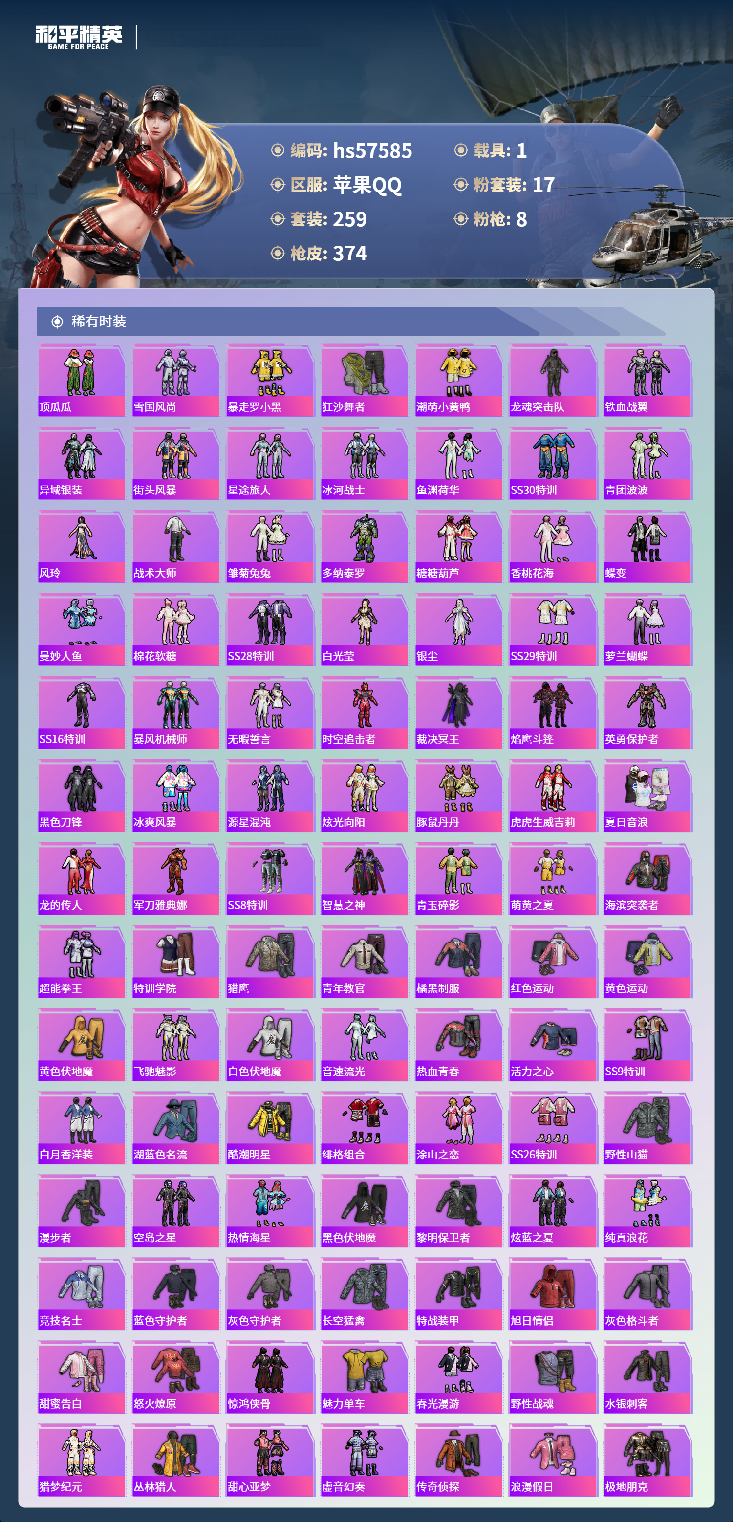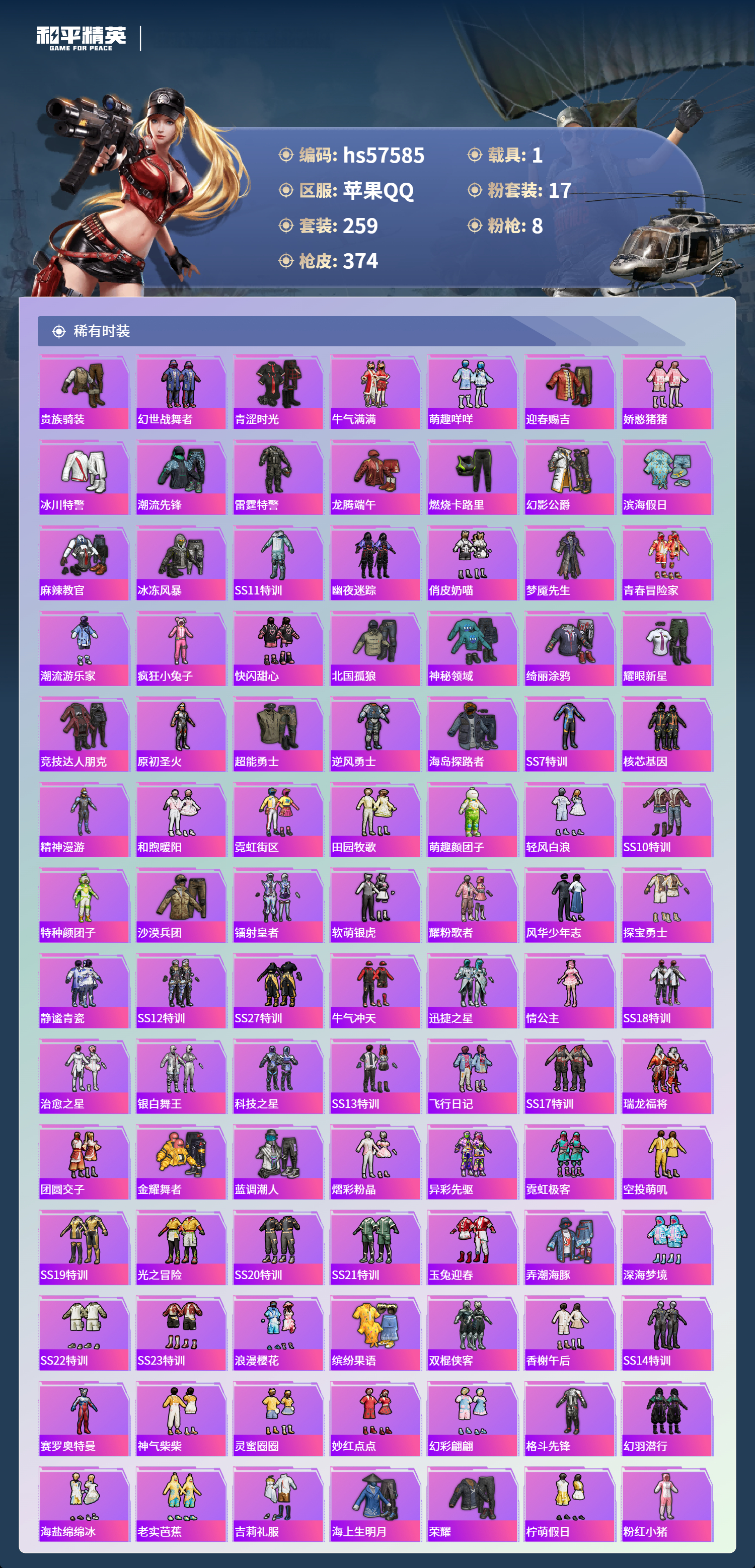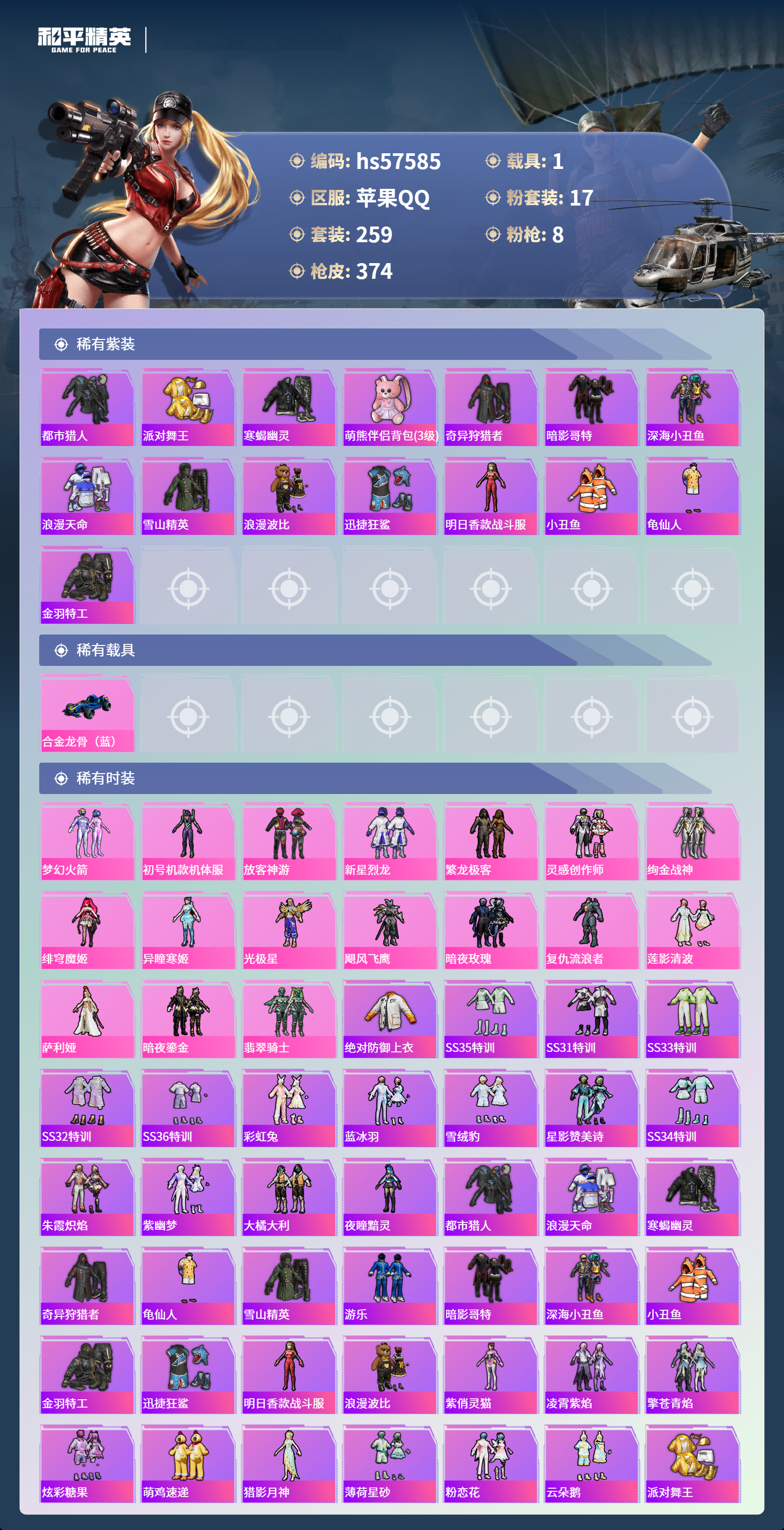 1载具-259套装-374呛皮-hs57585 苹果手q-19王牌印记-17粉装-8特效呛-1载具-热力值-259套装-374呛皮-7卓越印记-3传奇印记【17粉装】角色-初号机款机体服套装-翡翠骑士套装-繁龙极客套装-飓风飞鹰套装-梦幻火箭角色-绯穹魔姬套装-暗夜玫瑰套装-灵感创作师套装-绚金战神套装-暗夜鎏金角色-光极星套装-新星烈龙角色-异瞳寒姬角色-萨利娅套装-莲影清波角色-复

==

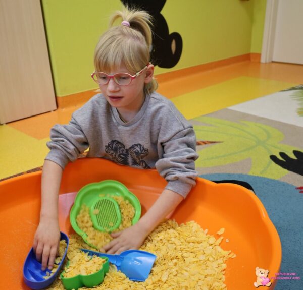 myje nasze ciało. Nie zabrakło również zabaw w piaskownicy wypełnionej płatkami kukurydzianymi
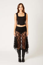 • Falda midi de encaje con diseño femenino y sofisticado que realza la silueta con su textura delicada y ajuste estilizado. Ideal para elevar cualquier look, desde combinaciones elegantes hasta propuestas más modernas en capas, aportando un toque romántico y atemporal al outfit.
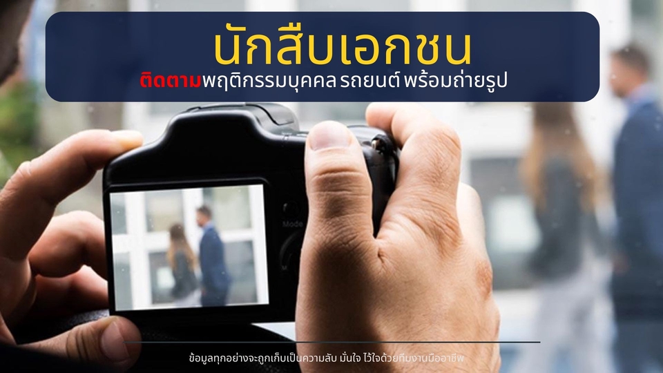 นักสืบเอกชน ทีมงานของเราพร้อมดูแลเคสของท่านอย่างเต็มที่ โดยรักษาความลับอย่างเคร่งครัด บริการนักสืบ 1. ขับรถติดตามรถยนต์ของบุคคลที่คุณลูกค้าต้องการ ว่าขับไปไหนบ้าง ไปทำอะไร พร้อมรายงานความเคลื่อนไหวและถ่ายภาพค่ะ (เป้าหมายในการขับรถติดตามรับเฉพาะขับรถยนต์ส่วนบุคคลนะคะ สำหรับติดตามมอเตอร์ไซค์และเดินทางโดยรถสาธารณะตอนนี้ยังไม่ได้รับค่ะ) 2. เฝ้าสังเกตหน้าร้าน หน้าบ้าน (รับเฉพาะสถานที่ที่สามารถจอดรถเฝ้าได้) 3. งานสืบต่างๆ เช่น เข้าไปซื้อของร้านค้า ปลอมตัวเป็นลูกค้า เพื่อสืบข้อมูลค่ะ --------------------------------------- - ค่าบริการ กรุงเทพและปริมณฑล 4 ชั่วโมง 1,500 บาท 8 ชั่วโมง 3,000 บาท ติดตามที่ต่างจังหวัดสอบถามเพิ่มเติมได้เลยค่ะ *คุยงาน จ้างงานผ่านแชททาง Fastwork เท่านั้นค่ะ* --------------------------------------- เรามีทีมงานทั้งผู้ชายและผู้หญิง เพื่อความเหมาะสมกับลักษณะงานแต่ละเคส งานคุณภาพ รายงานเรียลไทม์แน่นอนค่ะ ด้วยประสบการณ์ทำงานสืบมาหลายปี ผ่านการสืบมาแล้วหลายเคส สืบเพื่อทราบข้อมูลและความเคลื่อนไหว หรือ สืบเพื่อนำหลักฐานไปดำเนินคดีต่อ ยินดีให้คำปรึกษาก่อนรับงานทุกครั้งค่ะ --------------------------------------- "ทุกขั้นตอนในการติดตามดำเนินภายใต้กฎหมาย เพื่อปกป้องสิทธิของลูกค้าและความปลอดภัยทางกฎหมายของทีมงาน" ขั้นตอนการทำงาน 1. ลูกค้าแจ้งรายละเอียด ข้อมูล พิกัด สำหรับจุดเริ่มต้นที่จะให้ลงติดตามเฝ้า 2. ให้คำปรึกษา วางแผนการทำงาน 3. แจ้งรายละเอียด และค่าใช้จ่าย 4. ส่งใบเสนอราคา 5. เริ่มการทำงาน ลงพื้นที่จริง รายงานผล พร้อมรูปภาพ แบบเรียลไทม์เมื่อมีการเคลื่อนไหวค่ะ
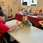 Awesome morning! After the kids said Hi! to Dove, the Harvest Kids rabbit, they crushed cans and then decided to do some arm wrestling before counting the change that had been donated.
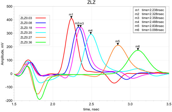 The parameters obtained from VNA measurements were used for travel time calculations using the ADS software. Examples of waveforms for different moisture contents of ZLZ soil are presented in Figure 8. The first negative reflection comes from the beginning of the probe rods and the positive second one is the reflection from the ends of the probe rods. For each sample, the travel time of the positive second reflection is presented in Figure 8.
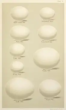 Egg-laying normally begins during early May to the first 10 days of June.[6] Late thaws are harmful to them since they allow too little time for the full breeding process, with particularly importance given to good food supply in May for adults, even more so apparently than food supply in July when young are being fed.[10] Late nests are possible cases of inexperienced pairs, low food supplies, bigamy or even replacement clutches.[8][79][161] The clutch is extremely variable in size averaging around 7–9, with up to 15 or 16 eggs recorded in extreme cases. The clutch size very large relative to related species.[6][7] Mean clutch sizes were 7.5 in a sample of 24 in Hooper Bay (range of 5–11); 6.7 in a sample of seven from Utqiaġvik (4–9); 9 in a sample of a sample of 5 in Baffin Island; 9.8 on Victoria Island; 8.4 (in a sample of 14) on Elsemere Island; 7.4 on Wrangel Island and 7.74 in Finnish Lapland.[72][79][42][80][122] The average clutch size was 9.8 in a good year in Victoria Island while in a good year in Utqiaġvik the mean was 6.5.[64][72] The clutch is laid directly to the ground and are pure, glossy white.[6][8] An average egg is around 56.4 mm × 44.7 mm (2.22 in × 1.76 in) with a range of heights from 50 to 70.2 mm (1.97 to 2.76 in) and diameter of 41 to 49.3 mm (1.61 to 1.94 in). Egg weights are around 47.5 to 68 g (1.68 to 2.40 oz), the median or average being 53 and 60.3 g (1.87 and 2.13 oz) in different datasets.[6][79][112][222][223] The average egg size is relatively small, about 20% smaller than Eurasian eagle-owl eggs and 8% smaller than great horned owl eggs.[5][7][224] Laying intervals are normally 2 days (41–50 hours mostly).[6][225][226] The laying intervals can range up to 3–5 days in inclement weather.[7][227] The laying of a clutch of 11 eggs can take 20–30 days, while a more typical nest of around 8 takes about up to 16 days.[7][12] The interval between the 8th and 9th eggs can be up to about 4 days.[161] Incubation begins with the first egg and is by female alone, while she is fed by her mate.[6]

(What to work on): Print the part of the listing above that opens with the line containing "Awesome morning! After" and closes with the line containing "The parameters obtained". Copy it exactly, both ends included, and omit the pictures.

(Output of the task):
 Awesome morning! After the kids said Hi! to Dove, the Harvest Kids rabbit, they crushed cans and then decided to do some arm wrestling before counting the change that had been donated.
 The parameters obtained from VNA measurements were used for travel time calculations using the ADS software. Examples of waveforms for different moisture contents of ZLZ soil are presented in Figure 8. The first negative reflection comes from the beginning of the probe rods and the positive second one is the reflection from the ends of the probe rods. For each sample, the travel time of the positive second reflection is presented in Figure 8.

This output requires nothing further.